Mathematics of Big Data

Instructor Prof. Gu:

Office: Shan 3481
Email: gu@g.hmc.edu
Phone: ext. 1-8929
Office Hours: 3-4 pm PST Tuesday; also by appointment.

TA/Tutoring Hours:

Names: Ian Li, Teja Reddy, Zoe Shao
Email: math189bigdata@gmail.com
Tutoring Hours:
Ian Li: email me at ili@hmc.edu with potential meeting time and/or specific questions/topics. Zoe Shao: email me at zoshao@hmc.edu with potential meeting time and/or specific questions/topics. Teja Reddy: email me at treddy@hmc.edu with potential meeting time and/or specific questions/topics.

Textbook:

All members of the class will be required to obtain the following text:
Kevin Patrick Murphy, Machine Learning: a Probabilistic Perspective . MIT Press, 2012.

Grading:

● 5% Reading Summary
● 35% Homework
● 20% Midterm Project
● 40% Final Project
● [Up to 5% Extra Credit]

Course Requirements and Evaluation:

Reading Presentations
All readings are compulsory, but some are more compulsory than others.
To encourage the goal of reading active research in the field, we will assign each non-Murphy reading to a group of two students who will write a summary of 1-2 pages to be turned in at the start of class. Each student will do approxiamately two summaries in total. They must be clear and demonstrate that you have read the paper with a high degree of confidence. Credit will be given on a 0-10 scale for each summary. Your summary should be done at a high level, and should focus on the main point of the readings (i.e. avoid complicated math). As long as your summary is reasonable, you will be given full credit.

Homework
The homework is due every week at the beginning of each lecture.
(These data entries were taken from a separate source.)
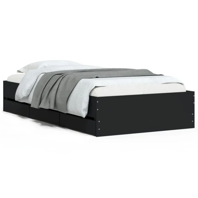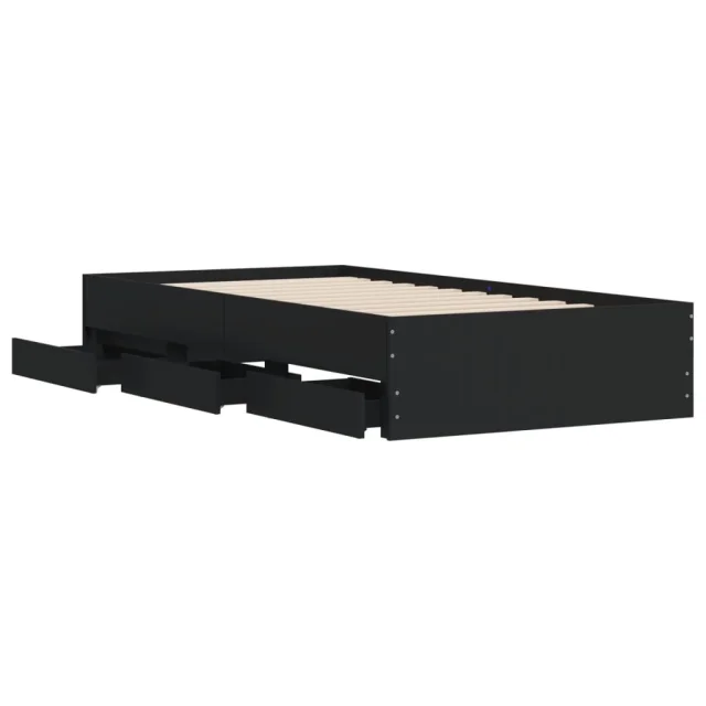 Posteljni okvir - Enojna postelja - Postelja za odrasle s predali črn 100x200 cm inženirski les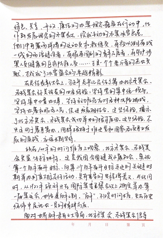 2018级党员胡博文谈到,五四青年节到来之际,我有幸同大家一起,在线上观看了“圆梦冬奥会,一起向未来”的首都教育系统弘扬北京冬奥精神思政大课。双奥之城的北京顶住了疫情的压力,向全中国和世界人民交出了一份满意的答卷。北京冬奥会、冬残奥会的成功举办,实现了带动三亿人参与冰雪运动的美好愿景,展现了中国当代青年奋勇拼搏的形象,同时也展现了中华民族砥砺前行,勇攀高峰的精神。通过六位主讲人的阐述,我们明白了人生只有一次的青春,现在是用来奋斗的,将来是用来回忆的。青年时代树立正确的理想,坚定的信念,十分重要,不仅要树立,而且要在心中扎根一辈子都能坚持为之奋斗。我们当代中国青年应当满怀对祖国和人民的赤子之心在党的领导下,积极投身革命、建设、改革的伟大事业,用青春之我创造青春之中国、青春之民族,谱写中国青年运动的壮美篇章。
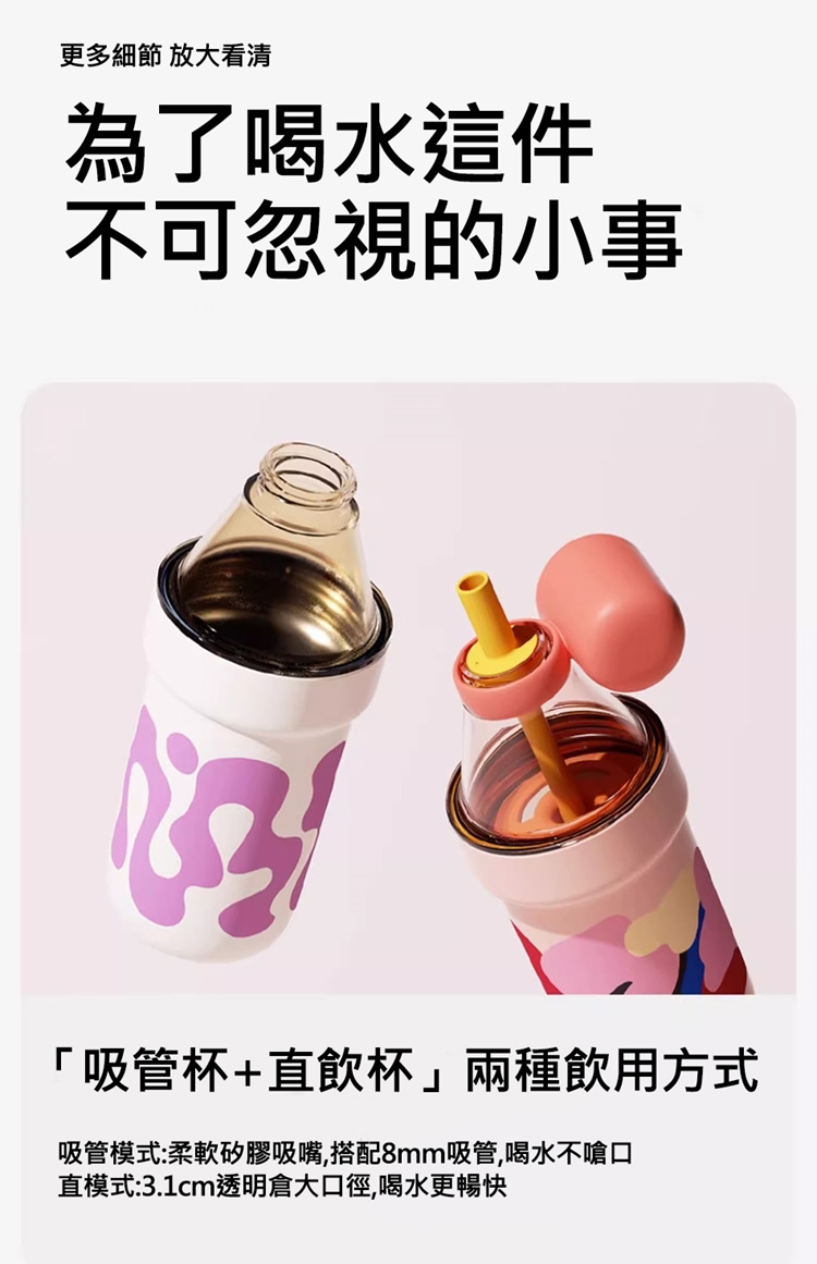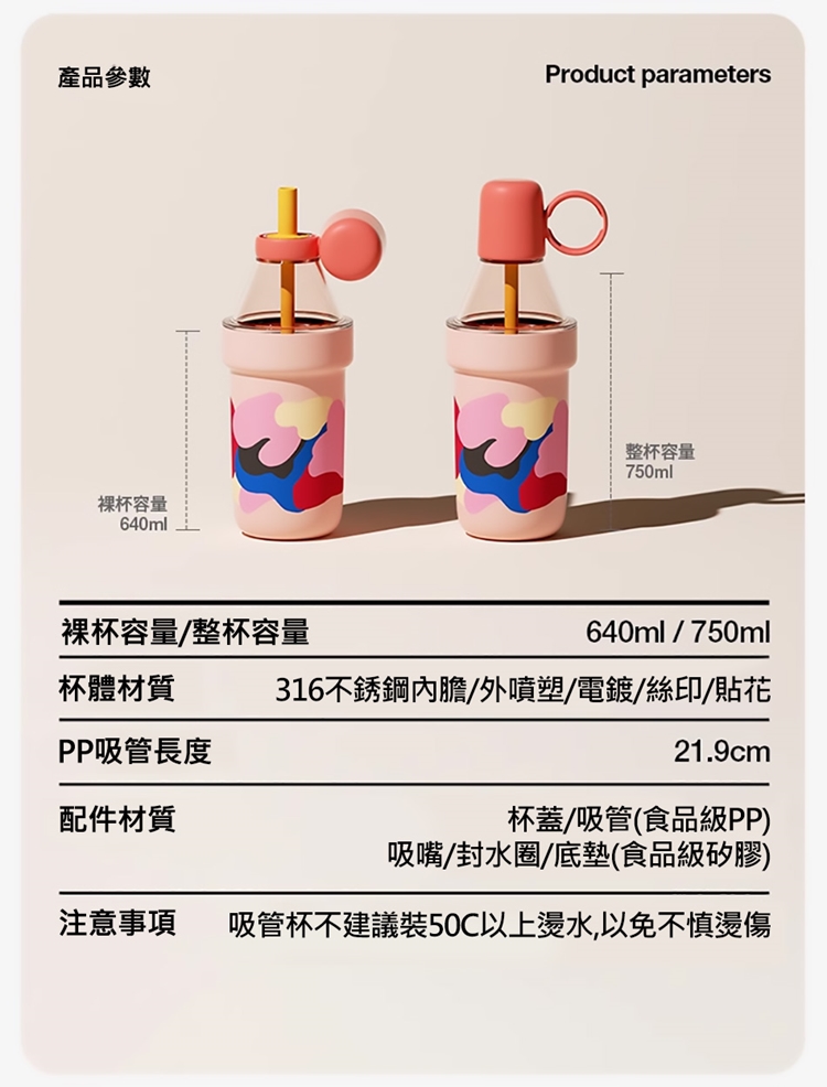 注意事項:杯子本身材質耐高溫可放開水,使用吸管喝燙水容易燙傷建議放50℃以下溫水,當裝入開水時請小心飲用。

There will be two parts for each assignment: math and coding. The homework is split approximately evenly between mathematical analysis and extension of our course material and application of algorithms to real world data.

For coding: You are highly recommended to use Python3. For each problem, the starter code and the sample solution are implemented in Python3. All the results and graphs for the sample solutions were produced under Python 3.5.2 under macOS Sierra; different versions of Python or system environment may produce different results. You are also welcome to use Jupyter Notebooks, but the starter code is not provided in notebook format.

Numpy and Pandas are two important python libraries to know for coding assignment for this course. You might also want to look at Matplotlib for generating plots. If you never used these libraries before, make sure you check out the tutorials online before starting the first assignment.

Note:
1) When doing the coding problem for each homework set, you are not allowed to use any machine learning algorithms implemented by external libraries, such as LinearRegression in sklearn. However, you may use these algorithms in your final project.

2) Each homework has both pdf and tex versions. To have the tex files successfully compiled, make sure that you have downloaded both macros.tex and hmcpset.cls and put them and the hw tex file under same folder.
If you have any questions with regard to the compilation of the tex files, feel free to ask the grutors for help.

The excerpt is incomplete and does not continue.